** Opening TASK MATERIAL block **

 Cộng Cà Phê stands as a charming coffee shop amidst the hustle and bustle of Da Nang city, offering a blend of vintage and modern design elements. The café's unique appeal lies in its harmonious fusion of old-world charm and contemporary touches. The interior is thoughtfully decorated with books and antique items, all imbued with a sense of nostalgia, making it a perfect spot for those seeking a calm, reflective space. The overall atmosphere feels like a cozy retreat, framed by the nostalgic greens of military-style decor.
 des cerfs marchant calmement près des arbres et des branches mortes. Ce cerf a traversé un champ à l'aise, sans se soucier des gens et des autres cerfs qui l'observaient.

** Closing TASK MATERIAL block **
** Opening TASK MATERIAL block **

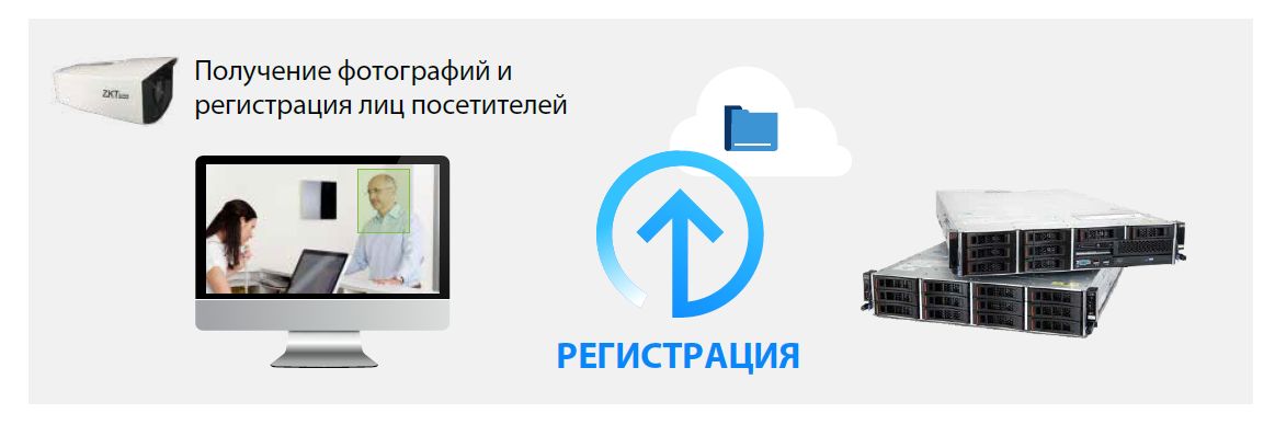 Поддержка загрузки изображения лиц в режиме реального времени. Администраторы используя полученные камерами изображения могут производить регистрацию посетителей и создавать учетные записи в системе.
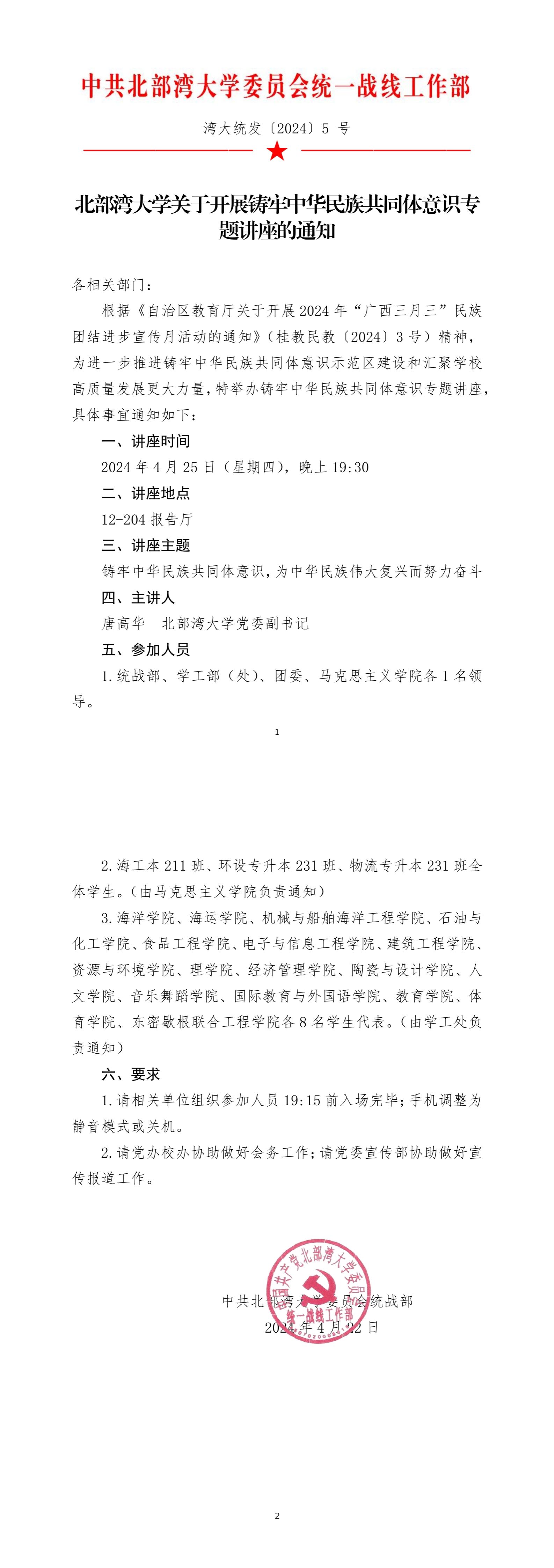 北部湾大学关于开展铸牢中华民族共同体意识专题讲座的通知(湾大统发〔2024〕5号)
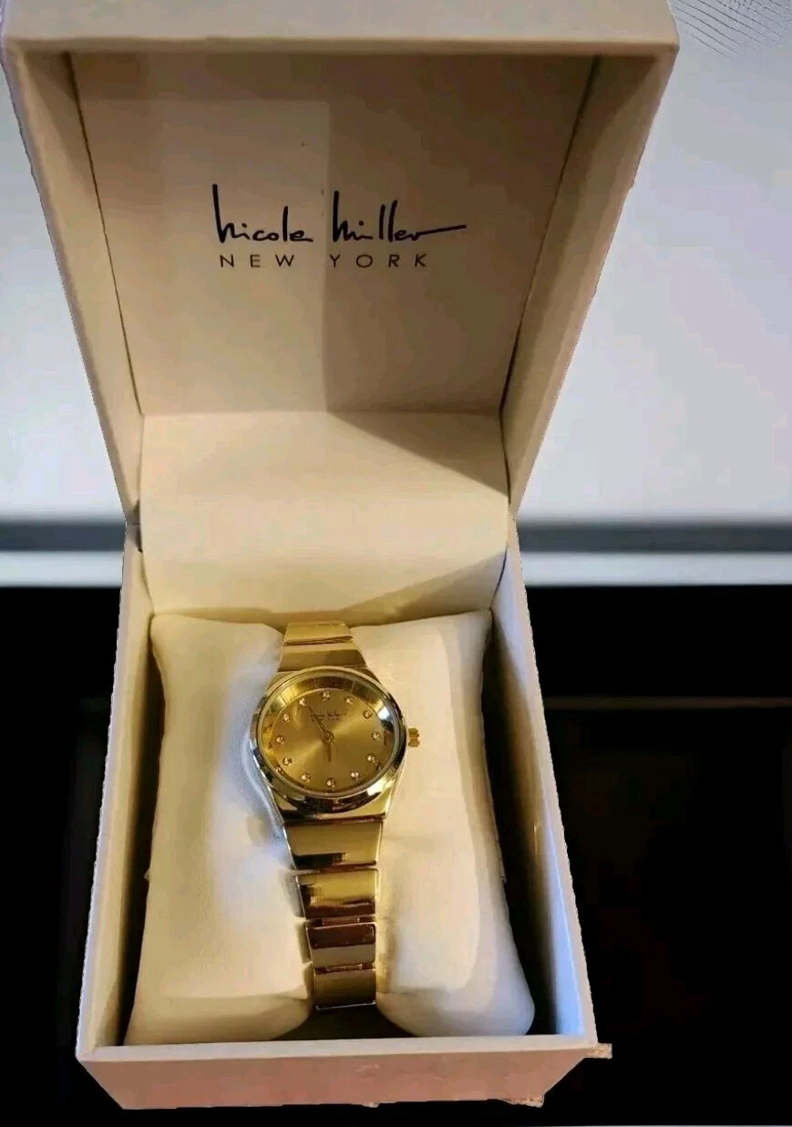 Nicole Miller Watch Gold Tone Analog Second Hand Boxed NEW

** Closing TASK MATERIAL block **

EXERCISE DIRECTIONS: Above are the records; from them, give again exactly the lines from the one containing "Cộng Cà Phê" through the one containing "des cerfs marchant", both included.

OUTPUT OF THE EXERCISE:
 Cộng Cà Phê stands as a charming coffee shop amidst the hustle and bustle of Da Nang city, offering a blend of vintage and modern design elements. The café's unique appeal lies in its harmonious fusion of old-world charm and contemporary touches. The interior is thoughtfully decorated with books and antique items, all imbued with a sense of nostalgia, making it a perfect spot for those seeking a calm, reflective space. The overall atmosphere feels like a cozy retreat, framed by the nostalgic greens of military-style decor.
 des cerfs marchant calmement près des arbres et des branches mortes. Ce cerf a traversé un champ à l'aise, sans se soucier des gens et des autres cerfs qui l'observaient.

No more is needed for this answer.